His company was originally investigating the purchase of other assets in the state in late spring before the Pioneer opportunity came up, Musselman said. He added that he had not had a positive view of the climate of the state’s energy business in prior years.

“We hear every day that the major companies — ConocoPhillips, Exxon(Mobil), BP — everybody is really growing up here now because of the passage of SB 21 and that hasn’t happened in the last four or five years,” he said. “You’ve got to look at the direct correlation between the amount of activity that’s been announced and the impact SB 21 has had on that.”

Caelus is also involved in exploration in Southeast Asia, according to Musselman.

Prior to founding Caelus Musselman ran Kosmos Energy Ltd., an exploration-driven company he helped establish in 2007, he said. Since the mid-1990s he has been involved in oil exploration in Colombia and West Africa, he said.

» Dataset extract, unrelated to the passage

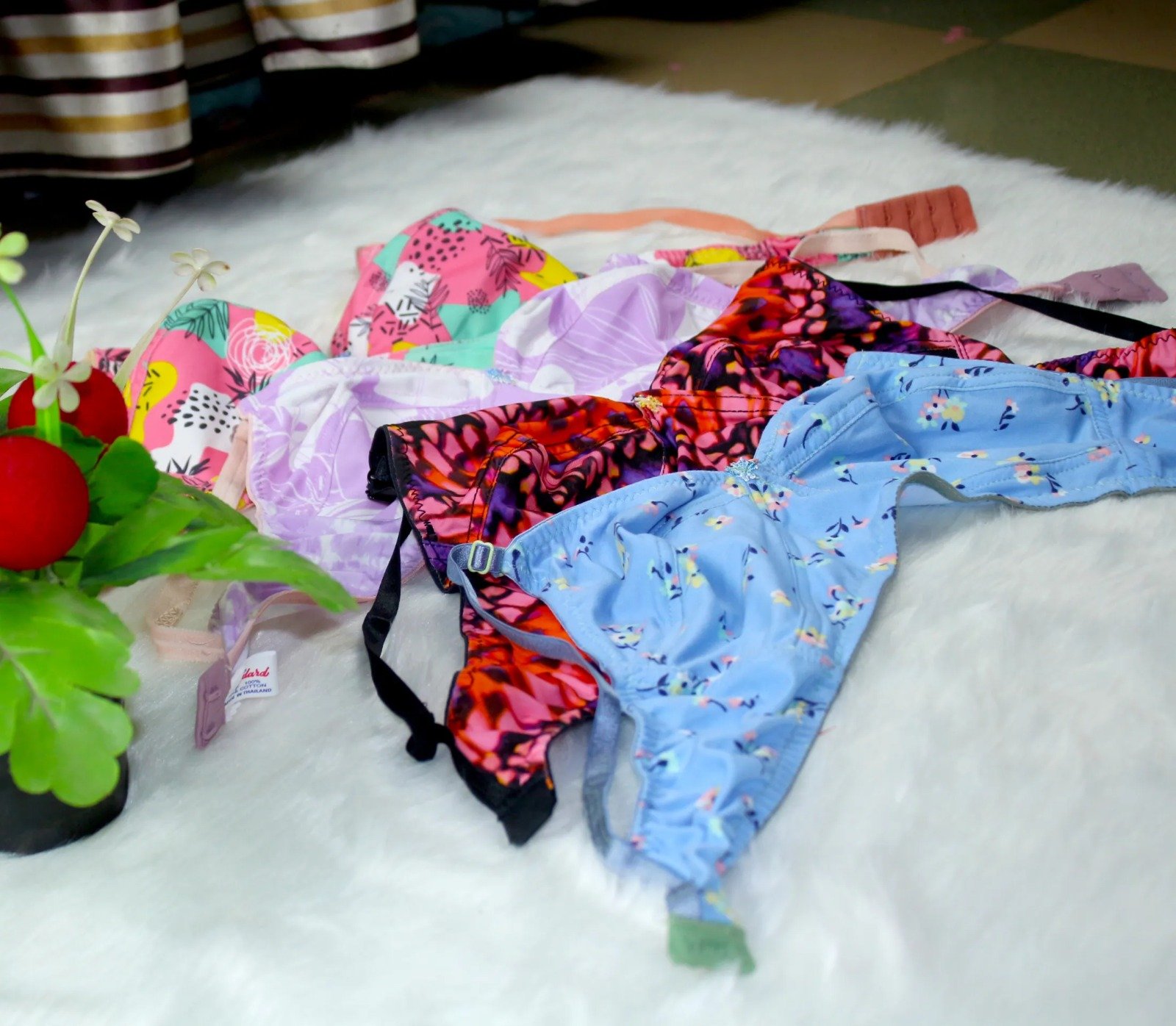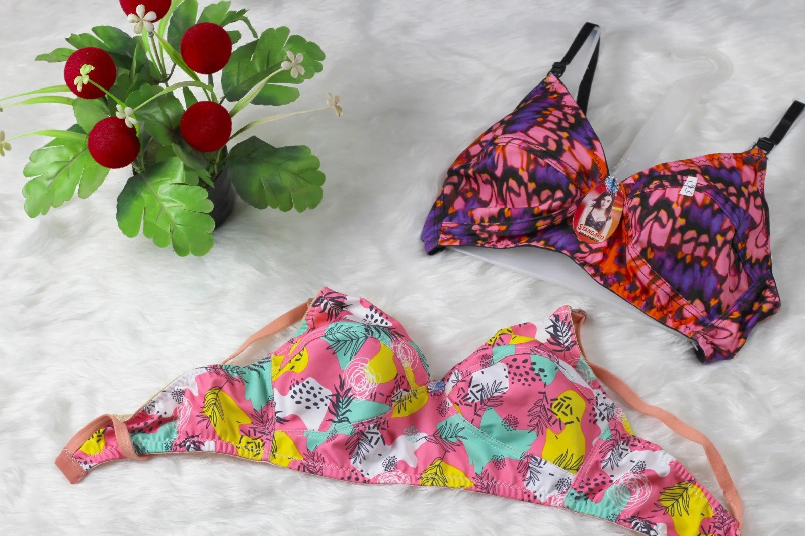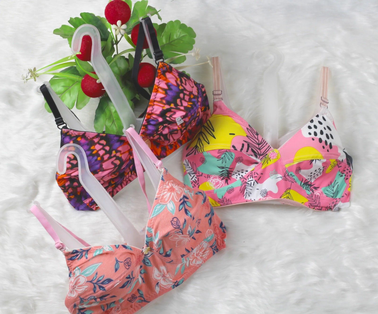 মহিলাদের এবং মেয়েদের জন্য ৪ পিস স্ট্রেচেবল প্রিন্টেড ব্রা সেট - ১ প্যান্টি সহ.. এক্সপোর্ট কোয়ালিটি, পাইকারি দাম নারী ও মেয়েদের জন্য ডিজাইন করা ৪টি স্ট্যান্ডার্ড স্ট্রেচেবল প্রিন্টেড ব্রা। • আরাম নিশ্চিত করার জন্য উচ্চমানের সুতির কাপড় দিয়ে তৈরি। • পাইকারি মূল্যে পাওয়া যায় এবং রপ্তানি মানের মান পূরণ করে। • বিভিন্ন ফ্যাশন পছন্দের নারী ও মেয়েদের জন্য আদর্শ।

After an Oct. 24 meeting with Gov. Sean Parnell, Musselman said he is impressed with the state’s commitment to increase private investment, but also that the effort to repeal SB 21 is a concern.

A referendum on the oil-production tax will be held in August of next year with opponents hoping to repeal the tax reform.

After 11 years in the state, Sheffield said he would miss working with Pioneer’s Alaska staff but said he is confident Musselman, someone he has known for 30 years, is the right man to take over the work.

He added that he will also miss the relationship the State of Alaska has with independent oil and gas companies and concurred with Musselman when discussing the state’s oil future.

“To remove SB 21 would be the best way to see the pipeline (throughput) continue to decline,” Sheffield said.